Task directions: Leave out the pictures, and retype the remaining data exactly.

Given material:

↓

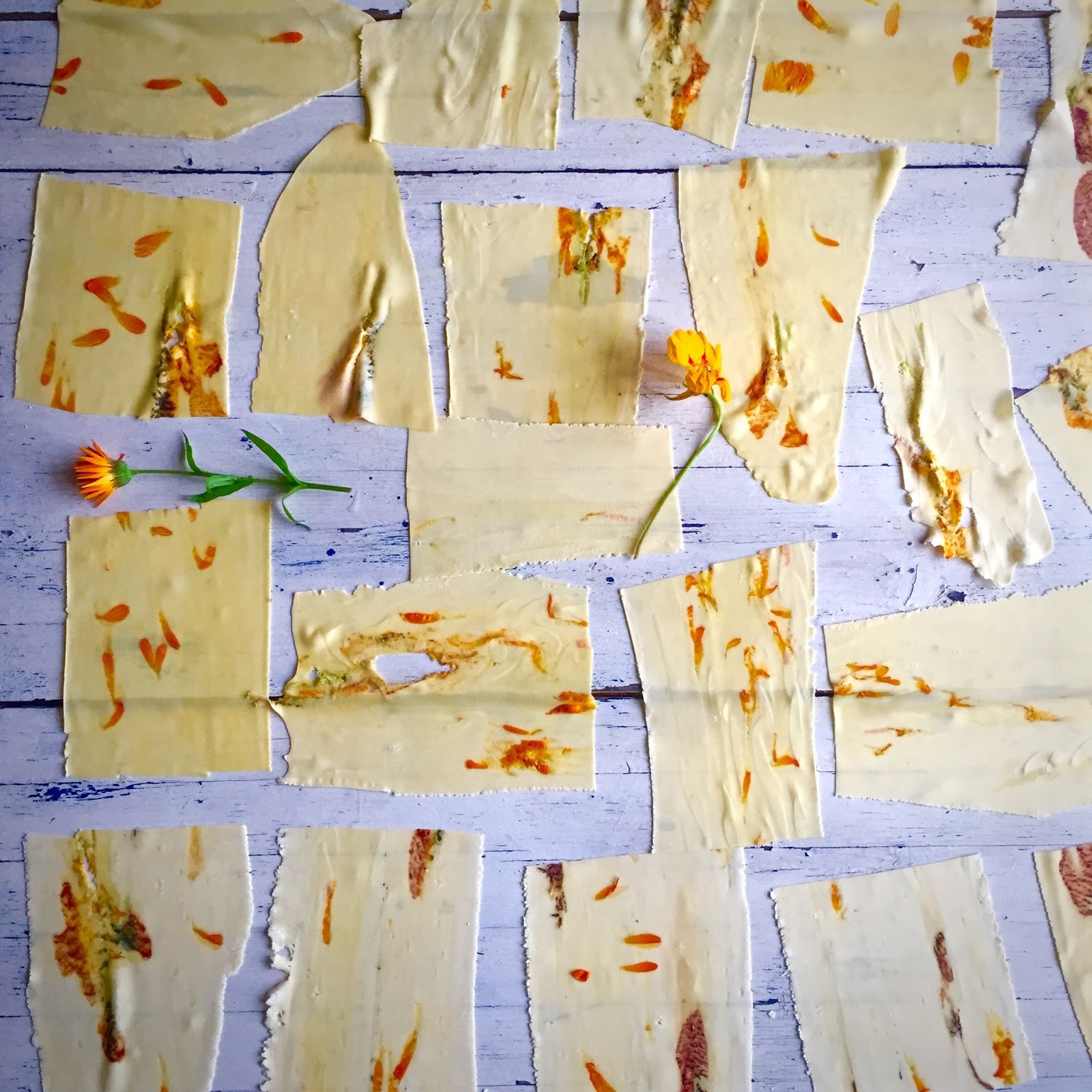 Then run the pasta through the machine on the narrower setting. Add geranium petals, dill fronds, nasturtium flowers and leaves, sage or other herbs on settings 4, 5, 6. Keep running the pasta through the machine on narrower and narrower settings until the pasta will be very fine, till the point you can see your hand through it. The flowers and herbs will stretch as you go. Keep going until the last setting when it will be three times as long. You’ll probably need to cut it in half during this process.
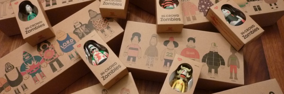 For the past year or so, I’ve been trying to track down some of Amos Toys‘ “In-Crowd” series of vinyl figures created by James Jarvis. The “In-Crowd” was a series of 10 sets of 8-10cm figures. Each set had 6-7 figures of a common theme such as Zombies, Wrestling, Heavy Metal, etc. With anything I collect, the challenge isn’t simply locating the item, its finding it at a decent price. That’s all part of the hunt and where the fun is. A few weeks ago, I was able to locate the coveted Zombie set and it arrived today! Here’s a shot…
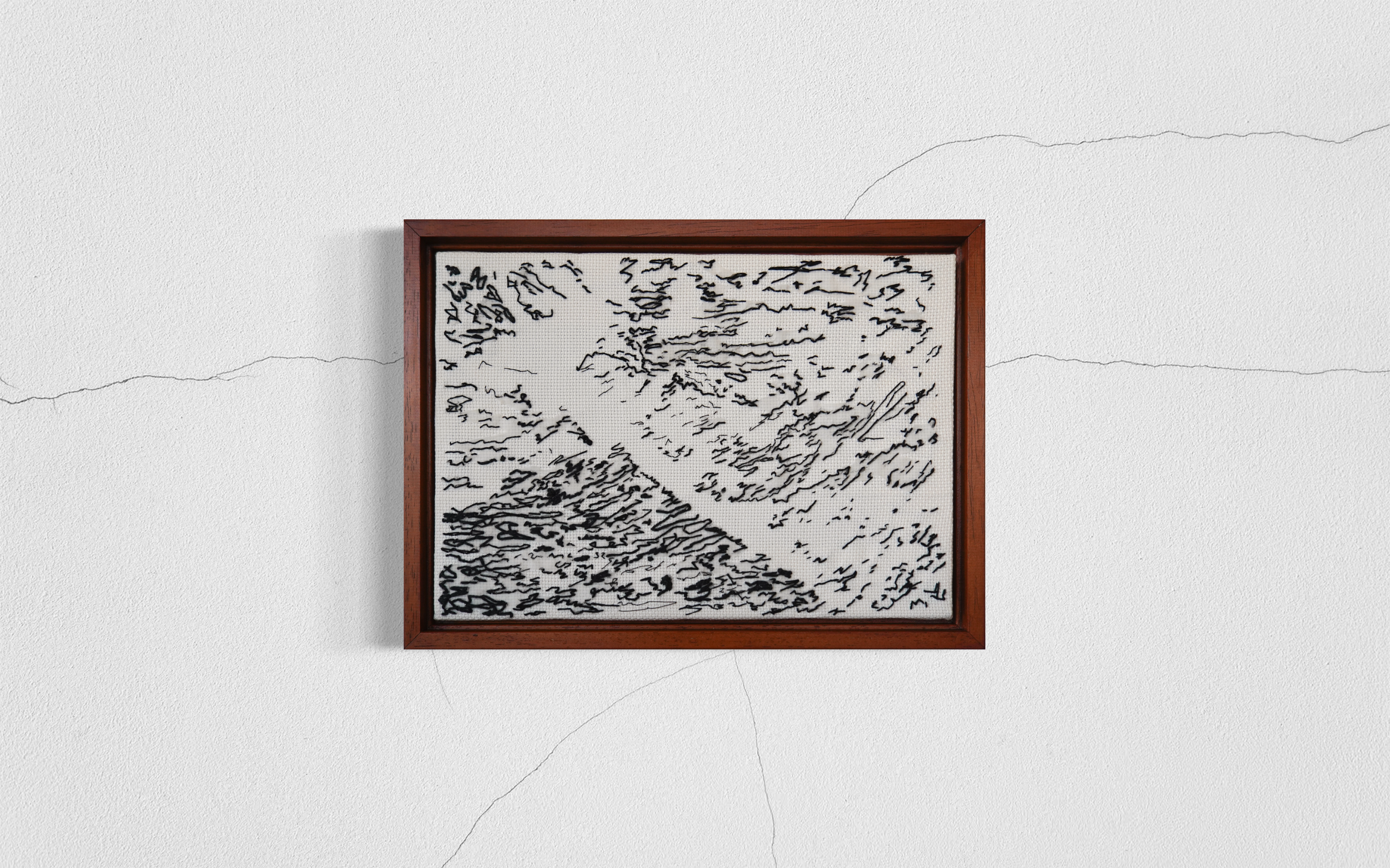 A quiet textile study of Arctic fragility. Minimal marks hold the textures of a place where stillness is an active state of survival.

↑

Solution below:
 Then run the pasta through the machine on the narrower setting. Add geranium petals, dill fronds, nasturtium flowers and leaves, sage or other herbs on settings 4, 5, 6. Keep running the pasta through the machine on narrower and narrower settings until the pasta will be very fine, till the point you can see your hand through it. The flowers and herbs will stretch as you go. Keep going until the last setting when it will be three times as long. You’ll probably need to cut it in half during this process.
 For the past year or so, I’ve been trying to track down some of Amos Toys‘ “In-Crowd” series of vinyl figures created by James Jarvis. The “In-Crowd” was a series of 10 sets of 8-10cm figures. Each set had 6-7 figures of a common theme such as Zombies, Wrestling, Heavy Metal, etc. With anything I collect, the challenge isn’t simply locating the item, its finding it at a decent price. That’s all part of the hunt and where the fun is. A few weeks ago, I was able to locate the coveted Zombie set and it arrived today! Here’s a shot…
 A quiet textile study of Arctic fragility. Minimal marks hold the textures of a place where stillness is an active state of survival.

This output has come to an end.